An extraordinary amount of Bach scholarship over the past century has focused on sleuthing out the sources behind Bach’s music, and in preparing new and better editions of his music, based on this detective work. And while the scholars involved in this work frequently disagree with one another, as a group they persistently push the envelope, and contribute to our knowledge of the composer and his methods. Between them, these researchers have determined that very little of what is now called Mass in B Minor was freshly composed for the work– perhaps as few as four or five movements. Bach selected music for the remaining movements from cantatas which he had composed throughout his career. Scholars agree that he seems to have chosen what he thought was his best work, music which would suit the character of the Mass, and would reflect accurately the new, Latin texts. He transposed some movements to new keys, in keeping with the overall key structure of the new work; he adapted phrase structure to fit the alternate texts; he eliminated instrumental introductions and interludes, to move the dramatic action forward more efficiently; and he composed new movements, and sections of movements, where he needed them to complete the work.
Though the Ordinary of the Roman Catholic Mass consists of only five movements—Kyrie, Gloria, Credo, Sanctus/Benedictus/Osanna, and Agnus Dei—Bach divides the text and music of his Mass in B Minor into twenty-three separate movements. With the exception of the Gratias/Dona nobis movements, and the repeat of the Osanna, each movement has different music.
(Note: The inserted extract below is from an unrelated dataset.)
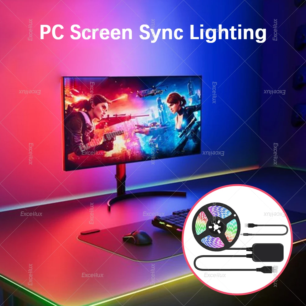 Comprar Tira de luces para juegos, sincronización de ordenador, tira de luces Led, Monitor, pantalla RGB, retroiluminación LED a Color, lámpara de captación, decoración de ambiente para sala de juegos

Let’s consider movements 3-6 of the Credo portion: Et in unum Dominum, Et incarnatus est, Crucifixus, and Et resurrexit. Scholars agree, based on internal evidence, that Bach adapted the duet Et in unum from an earlier composition, though that earlier work is lost. The close imitation between the two voices is ideally suited to a love duet, probably from a secular work, and adapts easily to a text which expresses the consubstantiality of the Father and the Son. In his original version of the Mass, Bach set the entire text of movements three and four within this one movement. It was only in the final months of his life (determined, again, on the basis of internal evidence) that he decided he needed a separate movement to set the words “And was incarnate by the Holy Ghost of the Virgin Mary, and was made man.” So he kept the music for movement 3 intact, had the soloists repeat earlier words, and composed a completely new movement — one of the few freshly-composed movements in the Mass, and one of Bach’s final compositional efforts. In so doing, he created a numerical symmetry which the Credo had previously lacked, placing the Crucifixus exactly at the center of this discrete section, as well as at the center of all of the Mass movements which lie between the identical music of the Gratias and the Dona nobis movements. It is an amazing engineering feat, adding internal structure for the connoisseur and first time listener alike.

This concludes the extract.